The duo, both in their 40s, had been sitting on a fake egg earlier this year and did such a good job that specialists gave them a real egg. The chick, the zoo has said, is “thriving.”
Adorable footage released by the zoo shows the small furry grey chick, which is about the size of a tennis ball, being nutured by its foster parents.
In a statement on social media, the zoo said: “The pair has perfected their fatherly duties by alternating brooding responsibilities and keeping the chick satisfied thanks to a hearty helping of crop milk every day.”
Both males and females can feed chicks using crop milk, which is secreted from a part of a flamingo’s digestive tract that stores food before digestion. The secretion of the milk is stimulated by begging calls of the hungry chick, according to the zoo.
A flamingo parent could lose its famous pink feather hue during the nesting period, as secreting large volumes of crop milk turns them almost white.
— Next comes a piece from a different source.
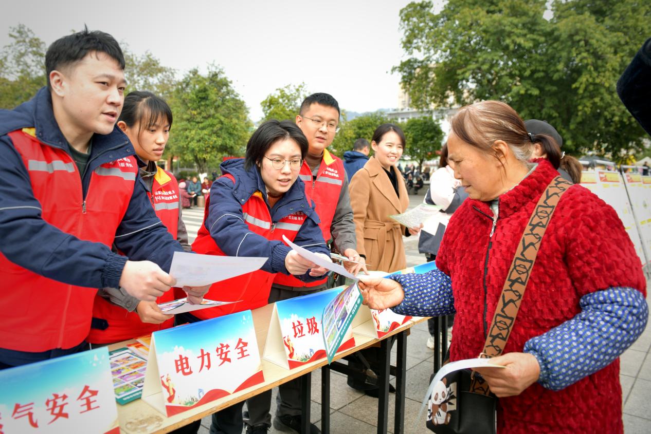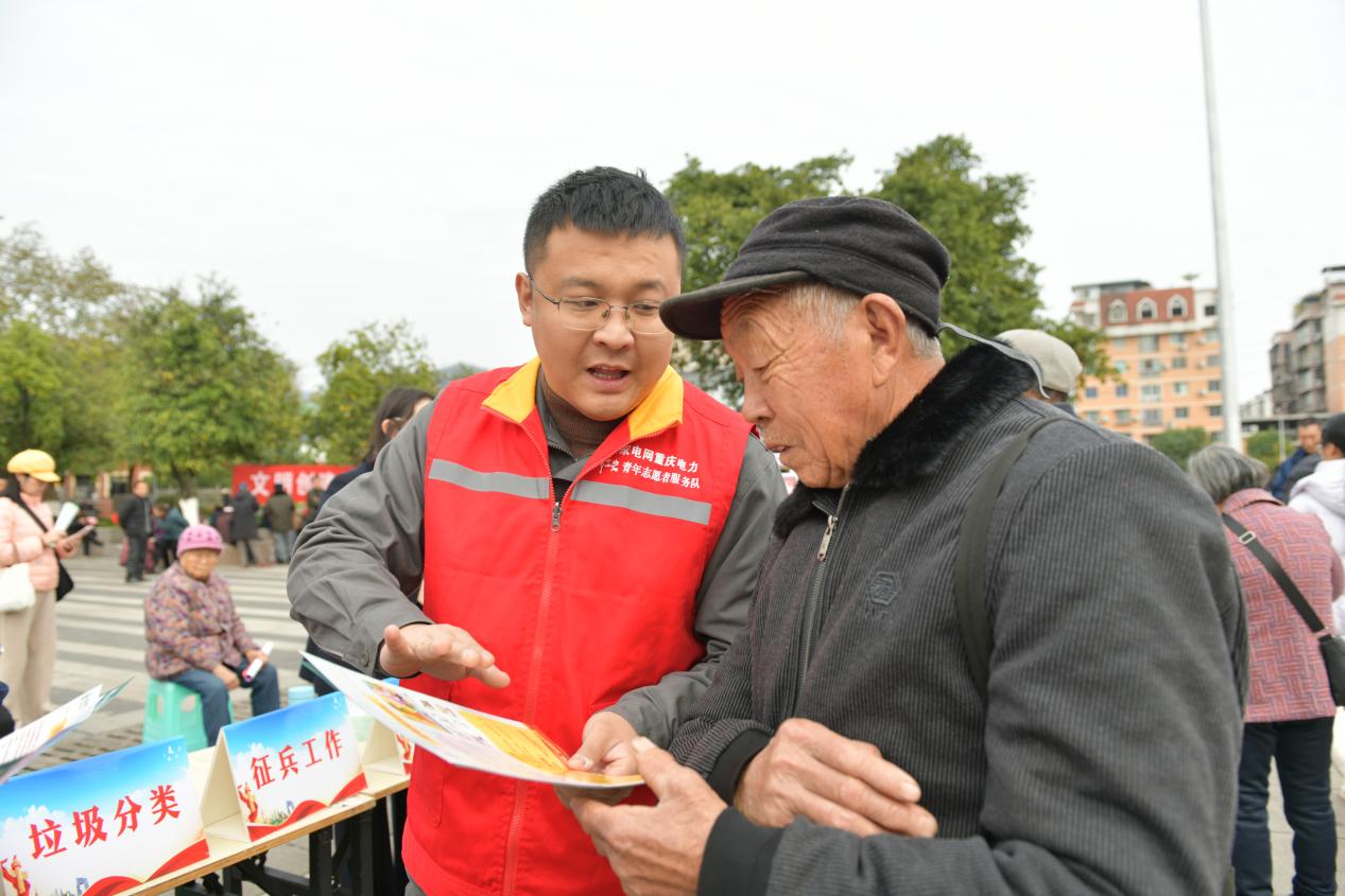 活動(dòng)現(xiàn)場(chǎng),龍都街道通過(guò)文藝表演、互動(dòng)游戲、民俗體驗(yàn)等形式,傳遞節(jié)日溫馨。而在廣場(chǎng)一側(cè),國(guó)網(wǎng)重慶萬(wàn)州供電公司(簡(jiǎn)稱“國(guó)網(wǎng)萬(wàn)州供電公司”)設(shè)置的“安全用電宣傳站”同樣氣氛熱烈。志愿者們一邊發(fā)放《家庭安全用電指南》《冬季用電注意事項(xiàng)》等實(shí)用宣傳資料,一邊結(jié)合漫畫(huà)為群眾講解節(jié)假日期間常見(jiàn)用電隱患及預(yù)防措施。

Not the first same-sex success story, Curtis and Arthur, a pair of Chilean flamingo dads, were documented hatching a chick in a UK zoo in August reported the Guardian.
In the US, Freddie Mercury and Lance Bass – a famous same-sex flamingo couple at Denver Zoo — split up in 2022 after a harmonious stint together where they had “acted as surrogate parents” for breeding pairs who were unable to raise flamingo chicks, reported HuffPost.
Bass and Mercury endured an “amicable” breakup after Mercury, then 52, coupled up with a much younger female bird, said the outlet.